Therefore, the different organizational teams involved in risk management at ISS are required to use the IRDA to assess and manage risk in different ways. For instance, they are expected to identify and document risks routinely together with assessing the probability of occurrence and the consequence of such incidents using a standardized risk tool for scoring (Perera, 2002). These teams also develop risk-mitigation plans based on the identified threats and delegate responsibilities to every crew member. In other words, as Seastrom et al. (2004) observe, the IRMA ensures that the issue of risk management is integrated into the ISS’s functioning with every crew member taking responsibility for the same.
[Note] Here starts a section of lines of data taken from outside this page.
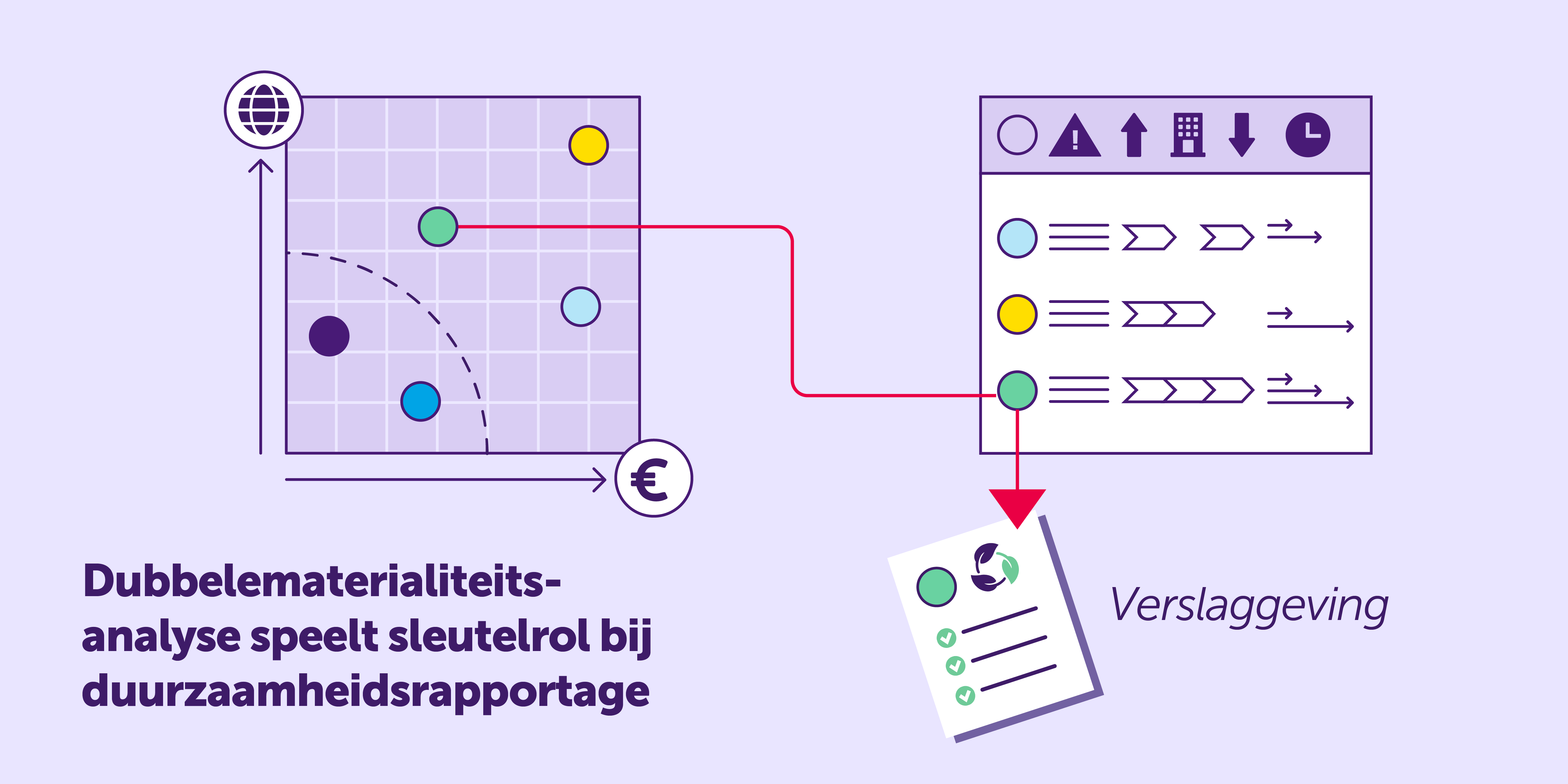 • Dubbelematerialiteitsanalyse speelt sleutelrol bij CSRD; het biedt input voor duurzame en financiële koers ondernemingen
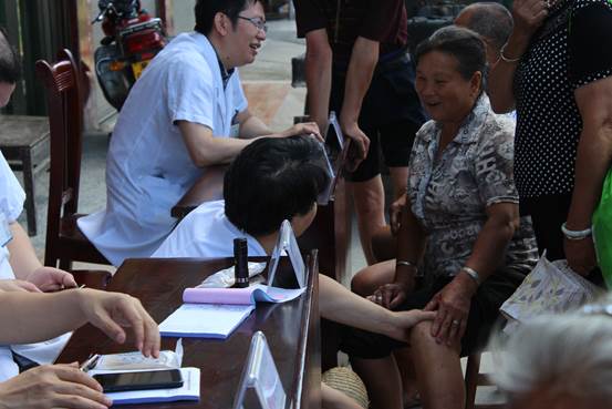 外科支部一行11人早早出發(fā),歷時兩個半小時,游過了衡陽的“新馬泰”(分別是耒陽的新市鎮(zhèn)、馬水鄉(xiāng)、太平圩鄉(xiāng)),終于趕上趕集的鄉(xiāng)親們。在亮源鄉(xiāng)衛(wèi)生院領導和同行的大力支持下,全體隊員主動搬桌子、椅子,9點鐘就鋪開了義診“攤位”。鄉(xiāng)民們看到衡陽大醫(yī)院來了博士、主任和這么多的教授,相互轉告,蜂擁而至一下子就將我們的專家圍個水泄不通,直到接近12點,最后一個從鄰近鄉(xiāng)趕來看骨病的鄉(xiāng)親得到專家滿意的答復后才漸漸散去,我們的專家才緩過神來喝上一口水。
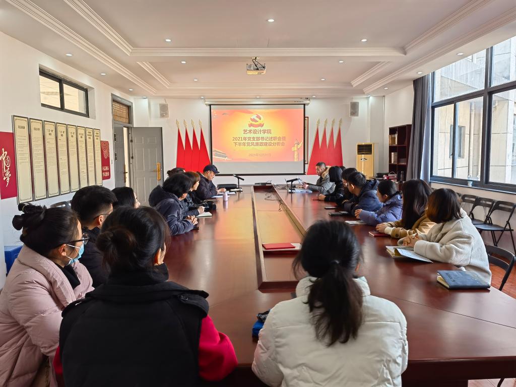 为深入推进党史学习教育,进一步落实全面从严治党,加强党风廉政建设工作,12月31日艺术设计学院党总支在B506会议室召开党支部书记述职大会暨学院下半年党风廉政建设分析会。党总支书记张文炜、全体党总支委员、支部书记、专业部主任及党员代表参加了本次会议。

The IRMA has a number of tools that the involved parties use to incorporate risk information into the risk management infrastructure. Each identified risk is characterized, its severity or location in the matrix identified, and mitigation tasks noted before being entered into this database. Consequently, every risk can be tracked to gain an understanding of how it impacts the entire system. Additionally, the associated costs of such risks are determined using the IRMA. This database has tiered items based on the level of threat. For instance, low-level threats without concise definitions are labeled as “concerns” (Perera, 2002). Items with detailed definitions are classified as “watch items”, while high-level issues and threats are labeled as “risks”.

Using the IRMA, each ISS managing organization reviews its identified risks by assessing whether such threats are consistent with the available data and deciding whether to elevate a particular risk to the next level. At every level, the involved teams should generate the appropriate local mitigation measures and plans giving specific tasks that need to be undertaken to prevent the risk from happening or lessen the severity of the outcomes (Malone Jr. & Moses, 2004). After completing every mitigation task, the involved management teams at their respective levels record their information in the IRMA before re-scoring the risk based on the task’s results. Therefore, IRMA is updated constantly and continuously, which makes it easy for the top management to keep abreast of the current top risks and the available mitigation measures. All the different constituents of the IRMA are compliant with the available regulations for the safety of the ISS.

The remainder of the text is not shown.